In this blog I will show you how to get BitLocker Recovery Password from Active Directory. This information can be viewer either through ADSI Edit or through Password Recovery Viewer.
2 ways to view BitLocker Recovery password
There are 2 ways to view BitLocker Recovery Password. Through ADSI Edit and another one is through feature installed BitLocker Recovery Password Viewer.
Get Recovery Password through ADSI Edit
First one is using ADSI Edit where information is stored under class msFVE-RecoveryInformation. I won’t say it’s the easiest way to use this feature, however I would say a convenient way if you don’t want to get any feature installed on server.
Login to Domain controller. Through Windows + R cmd , open ADSI Edit, navigate to the location of the system you are looking to recover Password Info.
In my case, navigated to ADSI Edit > Default naming context > OU=Client > CN=VM00155D004C27, where VM00155D004C27 is hostname of the system.
Once selected, under right Pane you will see serviceconnectionpoint class along with msFVE-Recoveryinformation class with atleast 1 value, in my case I have 2 values as I encrypted the disk twice, hence 2 recovery passwords are presents. However, confusion can be avoid regarding which is the latest one by looking into the latest time stamp for Name column.
Double click the last object on right pane.
This will open Attribute Editor for the object selected. To have a nice and tidy view click on Filter > Show only attributes that have values.
Now you will see few attributes along with the attribute we are looking for ie. msFVE-RecoveryPassword. Double click it, and this the information we were looking for.
Get Recovery Password through Password viewer feature
The above mentioned is not too easy and convenient. The one which I am going to demonstrate you is the most flexible way which allows searching as well.
Login to Domain controller, launch Server Manager. Under Server Manager- Dashboard, click on Manage > Add Roles and Features.
Click Next several times to reach the page Select Features, under Features select BitLocker Drive Encryption. This will automatically add other role services and features such as:
Remote Server Administration Tools
Feature Administration Tools
BitLocker Drive Encryption Administration Utilities
BitLocker Recovery Password Viewer
BitLocker Drive Encryption Tools
Click on Add Features.
Click Next to proceed.
Select Restart the destination server automatically if required, as this feature requires a restart.
This will initiate the installation process, allow some time to complete which will go through automatically restarting of the server.

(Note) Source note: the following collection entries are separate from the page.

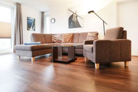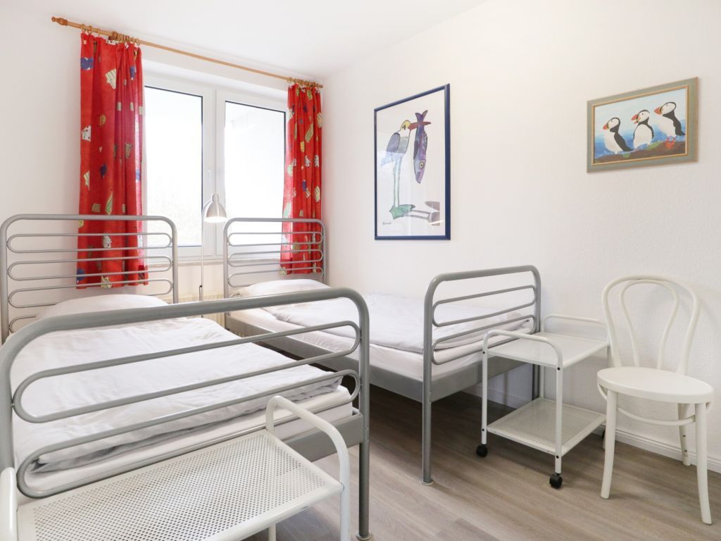Die behagliche 3-Zimmer Wohnung Sünnslag 1/04 mit saisonal möbliertem Balkon in Süd-/West befindet sich im 1. Obergeschoss, wohin Sie über einen separaten Außentreppen Zugang gelangen. Es empfängt Sie ein liebevoll eingerichtetes Ferienappartement mit einer großzügigen Wohnfläche von 64qm. Das komfortabel eingerichtete Wohnzimmer verfügt über eine ausziehbare Sitzgarnitur, die zwei zusätzliche Schlafgelegenheiten bietet, falls Sie mit mehr als 4 Personen anreisen möchten. Für technische Unterhaltung sind im Wohnbereich ein Flachbild Fernsehgerät sowie DVD-Player vorhanden. In der separaten Küche, die mit Herd, Kühlschrank, Backofen, Mikrowelle, Spülmaschine sowie Toaster, Wasserkocher und Kaffeemaschine voll ausgestattet ist befindet sich auch ein Essplatz für gemeinsame Mahlzeiten. Des Weiteren bietet das geräumige Appartement zwei separate Schlafzimmer 1x mit Doppelbett, Kleiderschrank und Fernseher und 1x mit zwei Einzelbetten. Zugehörig sind ein Duschbad sowie ein separates Gäste-WC mit kostenfreier Waschmaschinen Nutzung. Zudem ist direkt neben dem Wohnungseingang ein Abstellraum im Außenbereich vorhanden. Für Ihr Fahrzeug ist ein Außenstellplatz ohne Mehrkosten reserviert und mitgebrachte Fahrräder können Sie bei Bedarf in einem abschließbaren Fahrradraum, der sich vor dem Gebäude befindet, unterstellen. In der familienfreundlichen Nichtraucherwohnung sind Haustiere nicht gestattet. Auf Wunsch könne Sie Bettwäsche sowie Handtücher gegen Gebühr hinzu buchen, um Ihr Reisegepäck zu erleichtern.
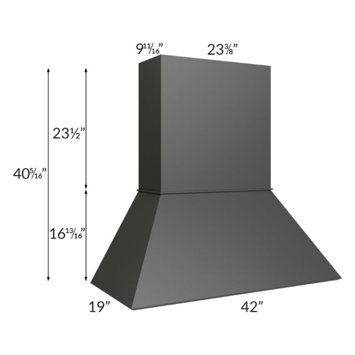 Euro style wood hood that comes with a stainless steel liner. The chimney height of 23-1/2" can be trimmed on site, if needed. Blower is not included and would need to be purchased separately. The chimney depth is 9-11/16" and the width is 23-3/8".
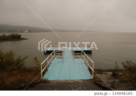 Remote Coastal Dock At Misty Waterfront
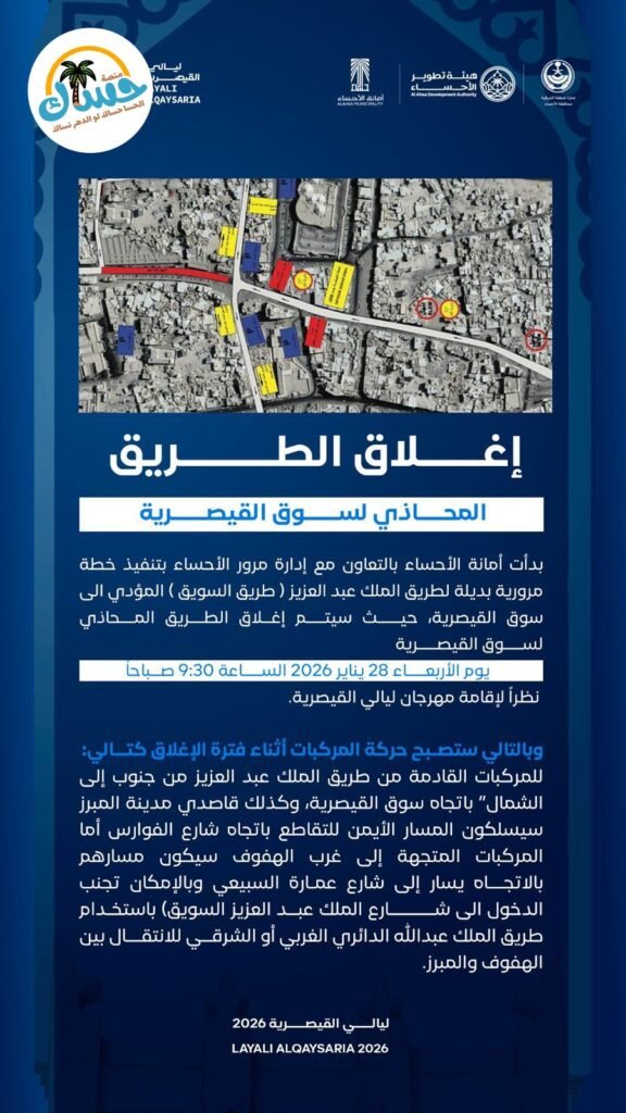 يمتد الإغلاق على الطريق المحاذي لسوق القيصرية بسبب إقامة مهرجان ليالي القيصرية. للمركبات القادمة من جنوب طريق الملك عبد العزيز باتجاه سوق القيصرية، يجب سلوك المسار الأيمن عند التقاطع باتجاه شارع الفوارس. ولمركبات المتجهة إلى غرب الهفوف، سيكون المسار باتجاه اليسار إلى شارع عمارة السبيعي. لتجنب الدخول إلى شارع الملك عبد العزيز، يمكن استخدام طريق الملك عبد الله الدائري الغربي أو الشرقي للتنقل بين الهفوف والمبرز.
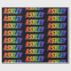 Dieses aufregende, lebendige, farbenfrohe Verpackungspapier-Design zeichnet sich durch den gemeinsamen Vornamen "ASHLEY" aus, der ein farbenprächtiges Regenbogenspektrum inspiriert Farbmuster aufweist. Der Hintergrund ist schwarz. Aufregende Verpackungspapiere wie dieses könnten Spaß machen, wenn man jemandem namens Ashley ein Geschenk macht. [~Z0000354]
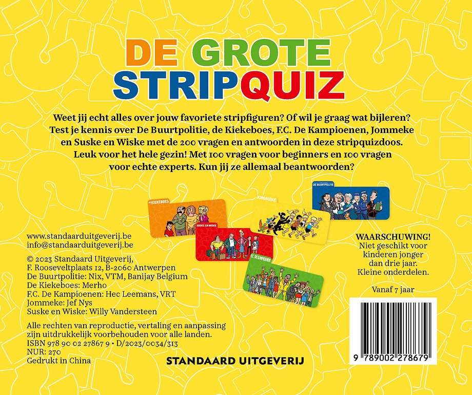 Weet jij echt alles over jouw favoriete stripfiguren? Of wil je graag wat bijleren? Test je kennis over De Buurtpolitie, de Kiekeboes, F.C. De Kampioenen, Jommeke en Suske en Wiske met de 200 vragen en antwoorden in deze stripquizdoos. Leuk voor het hele gezin! Met 100 vragen voor beginners en 100 vragen voor echte experts. Kun jij ze allemaal beantwoorden?
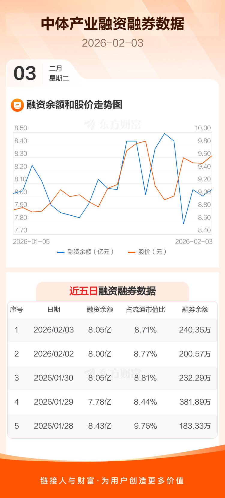 交易所最新数据显示,中体产业于2026年2月3日获融资买入4625.57万元,融资偿还4185.82万元,当日融资净买入439.75万元。目前,该股融资余额8.05亿,占流通市值比例为8.71%。

Verify BitLocker Recovery Password from AD
Launch Active Directory Users and Computers (dsa.msc), find the computer VM00155D004C27, once found double click it to see it properties.
And you will notice new tab showing with the name BitLocker Recovery which was missing previously.
You will be able to see Recovery Password under Details section along with date when it got generated and Password ID.
Find BitLocker Recovery Password if hostname is unknown
This is the scenario where user says he/she is not able to login, rather they see BitLocker Recovery screen asking for “Enter the recovery key for this drive”. User might be able to provide you the hostname as they might be aware of the name and not too technical.
In this case, ask user to provide Recovery Key ID, ask user to provide first 8 characters of Recovery Key ID, in this case it is 98D33BF9.
Navigate to Active Directory Users and Computers, right click Domain and select Find BitLocker Recovery password to open search page.
Provide Password ID as first 8 characters of Recovery Key ID, and click on Search.
And you are ready with Recovery Password which can be provided to user to login to the system.